En los primeros capítulos de la que posiblemente sea su obra más famosa, La noche oscura del alma, San Juan de la Cruz se dirige específicamente a aquellos que han comenzado a hacer progresos genuinos en su vida espiritual, han desarrollado una vida de oración seria, hábitos devocionales auténticos y un compromiso real con la fe.

Se refiere a ellos como «progresivos», esas almas que han dejado atrás la fase de principiantes y han entrado con éxito en la vida espiritual, pero que aún no se han purificado de las sutiles imperfecciones que la propia piedad produce. Es importante entender a quién se dirige, porque la etapa espiritual específica en la que te encuentres determinará las batallas que tendrás que librar.

Las almas comienzan a entrar en esta noche oscura cuando Dios las saca del estado de principiantes —que es el estado de quienes meditan en el camino espiritual— y comienza a situarlas en el estado de progresivos —que es el de quienes ya son contemplativos— con el fin de que, tras atravesarla, puedan llegar al estado de los perfectos, que es el de la unión divina del alma con Dios.1

La Noche oscura de San Juan es particularmente interesante porque está dirigida a quienes ya han elegido recorrer los caminos del Señor. Creo que esto se debe a que él comprendió una verdad ampliamente ignorada, pero fundamentalmente crítica: cuanto más progresa un hombre en la devoción, más sofisticadas se vuelven sus tentaciones. San Juan dedica una gran parte de La noche oscura del alma a este diagnóstico, pero también proporciona una solución esperanzadora, que compartiremos al final de este artículo.

St. John of the Cross' Advice on Conquering Self-Love - Word on Fire

Los siete pecados capitales espirituales

Como se mencionó anteriormente en este artículo, los siete pecados capitales no desaparecen cuando un hombre se vuelve devoto. Cuando sus formas más escandalosas son derrotadas, los demonios astutos pasan a la clandestinidad y resurgen vestidos con ropas religiosas. Estos pecados capitales espirituales más sutiles son más difíciles de detectar precisamente porque revisten la apariencia de la virtud.

La lógica detrás de la advertencia de San Juan es que cada uno de los pecados capitales regresa en una forma diferente cuando una persona pasa de ser un principiante a un «avanzado» en la vida espiritual. Y son estas formas más sutiles de vicio las que debemos vigilar, porque son tan mortíferas como los pecados capitales evidentes que plagan la vida de los principiantes.
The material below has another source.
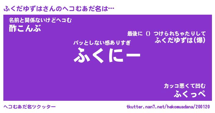 | ヒーロー風カッコイイあだ名 | 『スーパーフクダユズハ』『黄金騎士フク』 |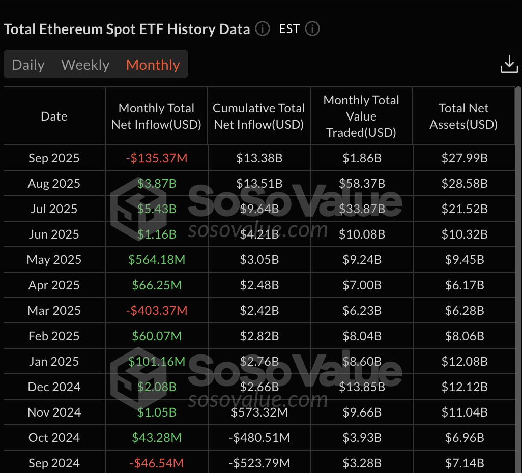 但深入分析 2025 年 9 月的数据则显示出不同的情况。截至目前,以太坊 ETF 已经出现了近 1.35 亿美元的净流出。

La tentación del orgullo, por ejemplo, no desaparece cuando un hombre comienza a orar en serio. Se adhiere a su vida de oración y lo hace sentir espiritualmente superior a aquellas almas que están rezagadas, que luchan o que combaten contra pecados que él ya ha vencido. Y así sucesivamente con cada pecado capital, como veremos a continuación. Los tres primeros son los más fáciles de reconocer:

Orgullo

La forma más evidente en que el orgullo se manifiesta espiritualmente es en aquel que habla de su vida de oración, su ayuno, su lectura, sus conversiones u otros «logros espirituales». Sin embargo, este pecado es tan sutil que también está presente en aquel que siente una satisfacción personal por su constancia o que, en silencio, menosprecia a los católicos menos comprometidos.
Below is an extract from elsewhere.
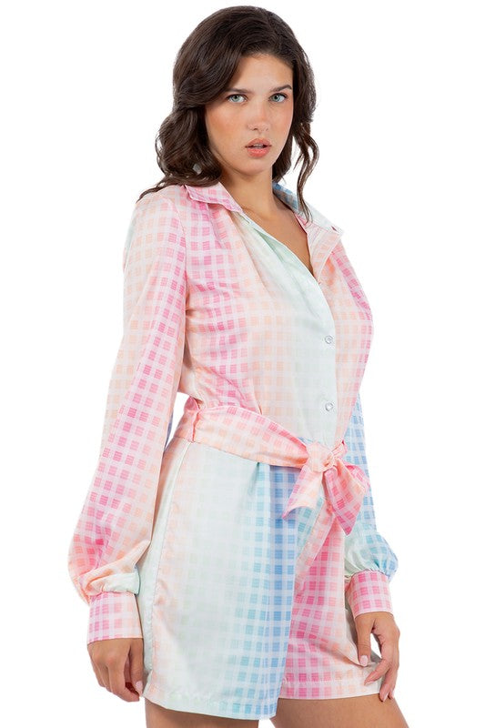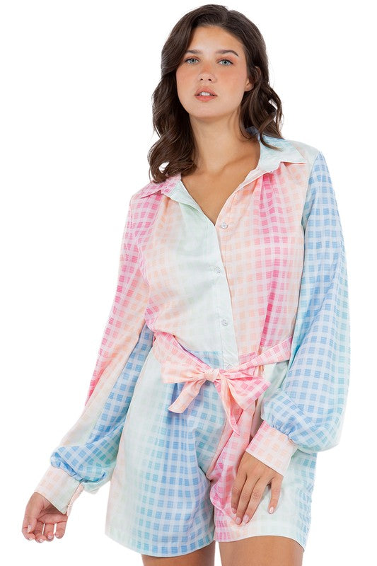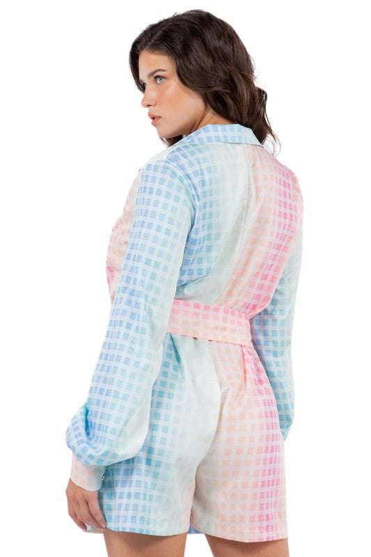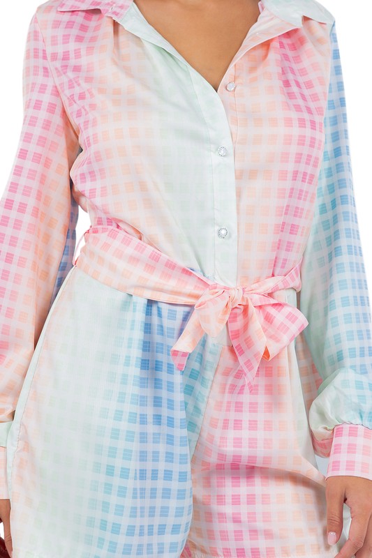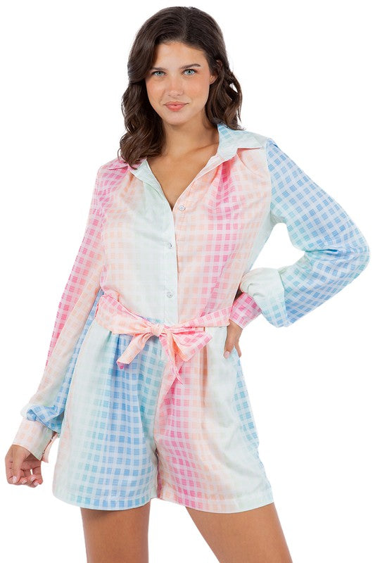 Sexy fashion rompers round neckline, long sleeves, front button up with belt

San Juan menciona un detalle específico que ilustra cómo el orgullo espiritual aleja a la persona de la corrección y del llamado a la humildad:

A veces, también, cuando sus maestros espirituales, como los confesores y superiores, no aprueban su espíritu y comportamiento (pues les preocupa que todo lo que hagan sea estimado y alabado), consideran que no los comprenden, o que, debido a que no aprueban esto ni están de acuerdo con aquello, sus confesores no son ellos mismos espirituales.

Y así, de inmediato desean y se las ingenian para encontrar a alguien más que se adapte a sus gustos; pues, por regla general, desean hablar de asuntos espirituales con aquellos que creen que alabarán y estimarán lo que hacen, y huyen, como si fuera de la muerte, de quienes los desengañan para guiarlos por un camino seguro —a veces incluso les guardan rencor.2

Si te das cuenta de que sientes placer al corregir a los demás, o te sientes bien contigo mismo al ver cuánto has progresado, recuerda que no eres tú el autor de tu santificación, sino Dios, por medio de su gracia, que no mereces. El orgullo es sutil y peligroso, y debemos mantenernos alerta para evitar escuchar su seductora voz.

Avaricia

La avaricia espiritual es el vicio de quien acumula aquellos objetos y prácticas relacionados con la vida espiritual: objetos devocionales, libros, rutinas de oración, etc.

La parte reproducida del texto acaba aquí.